Learn more about how we de-identify data in our ONS guide to data de-identification video.

At the Office for National Statistics (ONS), we collect and process data, to create statistics that help us understand the UK's economy, society and population.

It is important that when we use data, we do it in a way that respects the privacy of individuals and businesses.

One of the ways that we can reduce the risk of someone being identified is by “de-identifying” the data.

What does de-identifying data mean?

De-identifying data means removing any personal information that would allow you to be directly identified. For example, your name, address or date of birth.

How does data de-identification work?

De-identification works by removing personal information from data that would allow someone to be identified. This includes names, addresses and dates of birth. If needed, we can also create a new reference number that relates to but does not identify an individual.

Researchers from the ONS who have been given permission to access the data can use the new reference number to analyse and link it with other sources of data. They can now do this without revealing an individual’s or business’s personal information.

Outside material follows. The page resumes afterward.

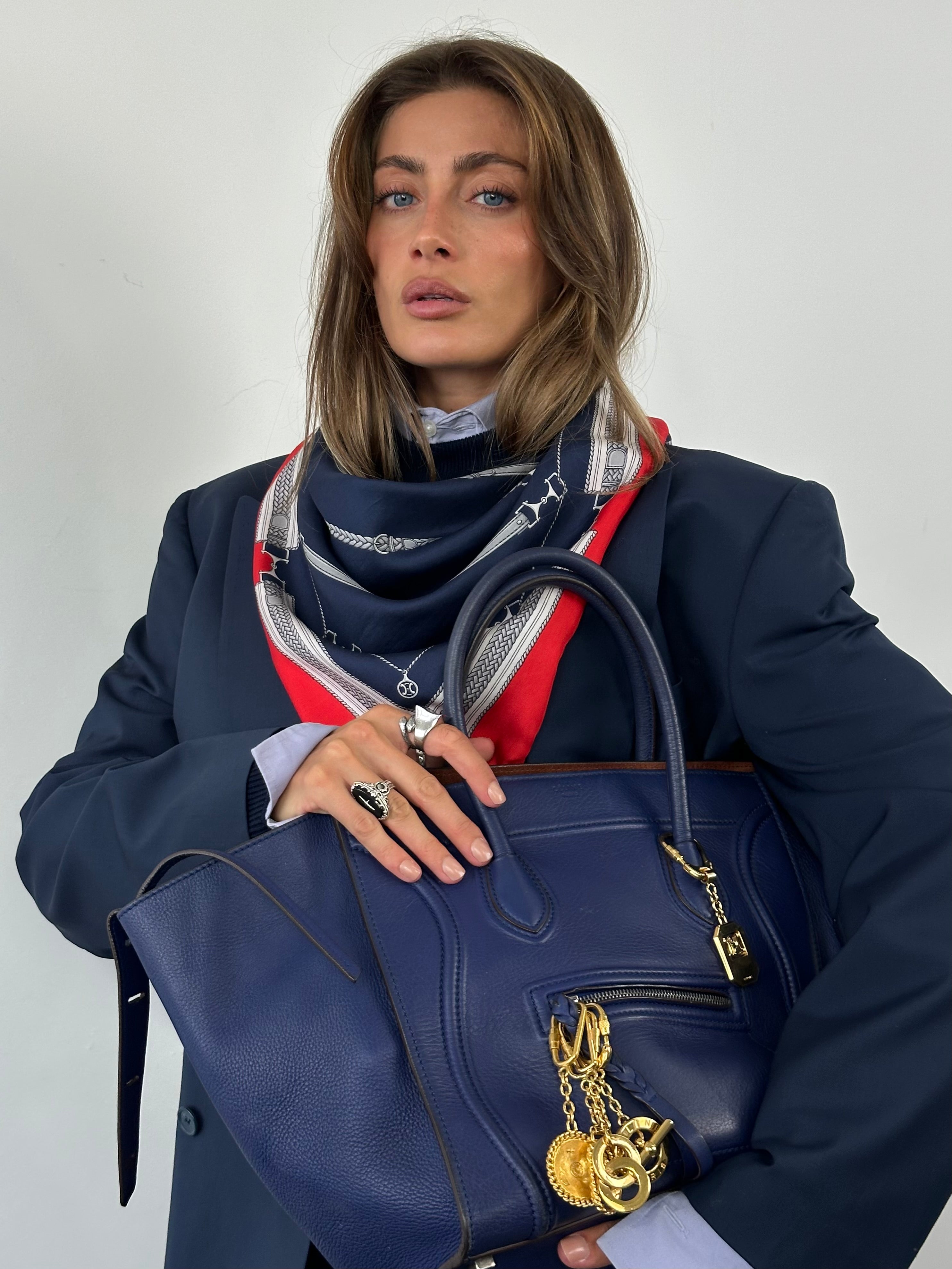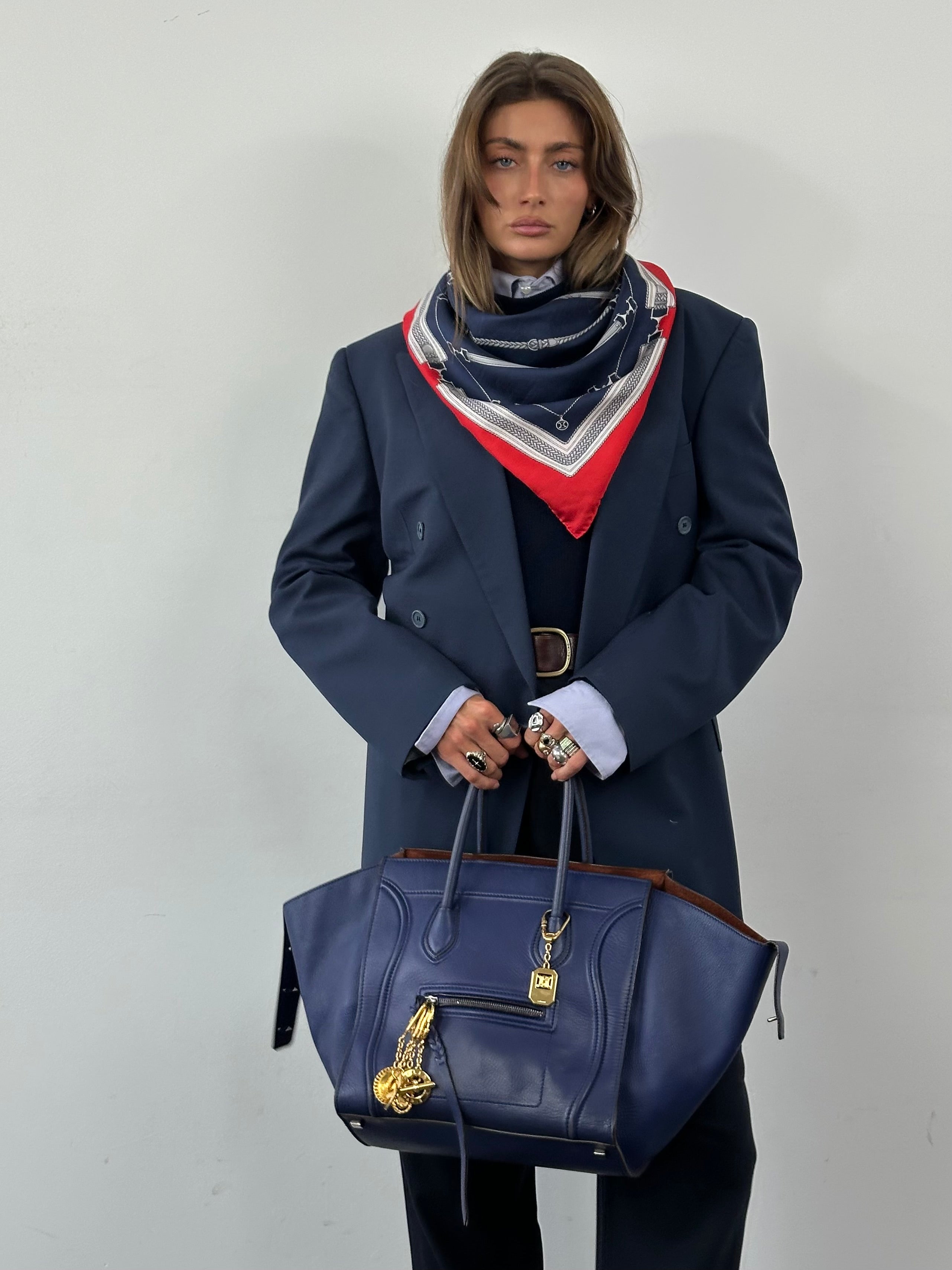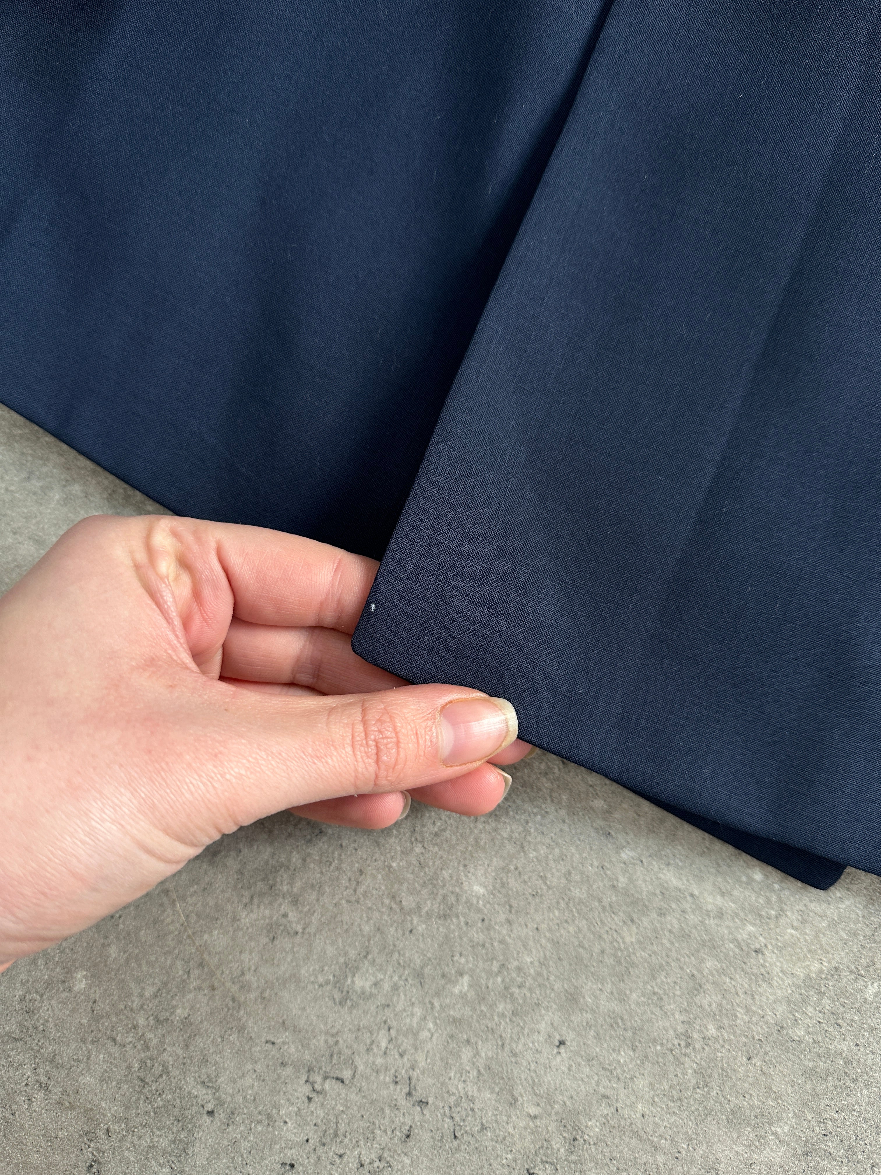 Tailored in Italy from superfine Tasmanian merino wool, this double breasted AquaViva blazer carries the refined structure of 90s Italian suiting, sharp peak lapels, padded shoulders, and a clean navy finish that endures as contemporary style.

Using de-identified data to create statistics

Before we can publish statistics, they must go through a process to remove anything that might identify someone. Controls are in place to make sure that data cannot be re-identified during this process.

It is our legal and ethical duty to do this. These methods help to further reduce the risk of someone being identified, even after personal information has been removed.

After processing, we use statistical disclosure control methods to make sure no one can be identified in our statistics.

Statistical disclosure control might involve:

  • grouping data together
  • removing elements of the data
  • changing the way numbers are presented, such as changing a real number into a percentage

Alongside these methods, we will consider:

  • the rights of the people who shared their data
  • where the information will be published
  • how and why the data were collected
  • how the statistics help the public good

There will be many more factors, but the specific methods we use will be different in each case. We log a list of all the decisions we make and the methods we use.

Learn more about our statistical disclosure control methods.

Why is data de-identification important?

Data de-identification protects people’s personal information. This allows researchers to use sensitive data safely and securely. By analysing it in greater detail, they can create statistics that give a more complete picture of society’s needs. By de-identifying data we:

  • protect people’s privacy
  • are compliant with legislation and security requirements
  • can securely link with other data sources
  • can share analysis for better decision-making, while protecting people’s personal information

Our de-identification policy gives an outline of the principles we follow when we produce statistics.